Thankfully, this one wasn’t so bad that I felt the need to
DNF it, but it wasn’t without its issues. To begin with, I wasn’t feeling
either of the main characters, nor their supposed chemistry. Which was a shame because
as broken characters, these two had the potential to be more interesting than
they were. Helena was abused as a child, and carries the scars on her person to
show it. After being rescued by her brother, she has spent the last several years
of her life as a book-keeper for her brother’s notorious gaming hell, not being
allowed outside the walls to protect her from the man who once hurt her. Robert
is heir to a Dukedom, and has spent the last twelve years of his life doing
whatever he pleases after his grandfather’s rather vile interference between
him and the maid he had intended to elope with.
Separately, interesting. Together? Sure, Helena forces
Robert to open his eyes and be more aware of the world around him (especially
when it comes to those less fortunate than himself), and Robert shows her that
members of the ton aren’t all the horrid cretins she has assumed them to be for
her entire life, but there was far too much repetition between these two.
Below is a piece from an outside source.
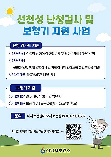 하남시는 영유아 선천성 난청을 조기에 발견하고 적절히 치료할 수 있도록, 소득과 관계없이 선천성 난청 조기검사비 및 보청기 구입비를 지원하고 있다고 밝혔다. 이번 사업은 아이들의 언어와 인지 발달을 돕고, 건강한 성장을 지원하기 위한 것이다.

Even when
they started opening up to each other it was overshadowed by their respective “inner
musings”.
Finally, I had a real problem with the fact that Helena is launched
into society by her father, and while everyone knows she’s his illegitimate daughter,
they accept her as one of their own (well all but her father’s wife which is understandable
considering the circumstances). I’m sorry, but that’s just not the way life
worked back then. Regardless of the fact that her father is a Duke, polite
society, in general, would not have been welcoming to her.
Nor would Robert’s father (another Duke) be overjoyed at
the thought of his son marrying a woman so far below his station in life.
There are I believe three more books left in this series,
and I may eventually give one of them another shot. I have read other stories
by this author that were more enjoyable than I found this one, so I wouldn’t be
averse to reading more from this author.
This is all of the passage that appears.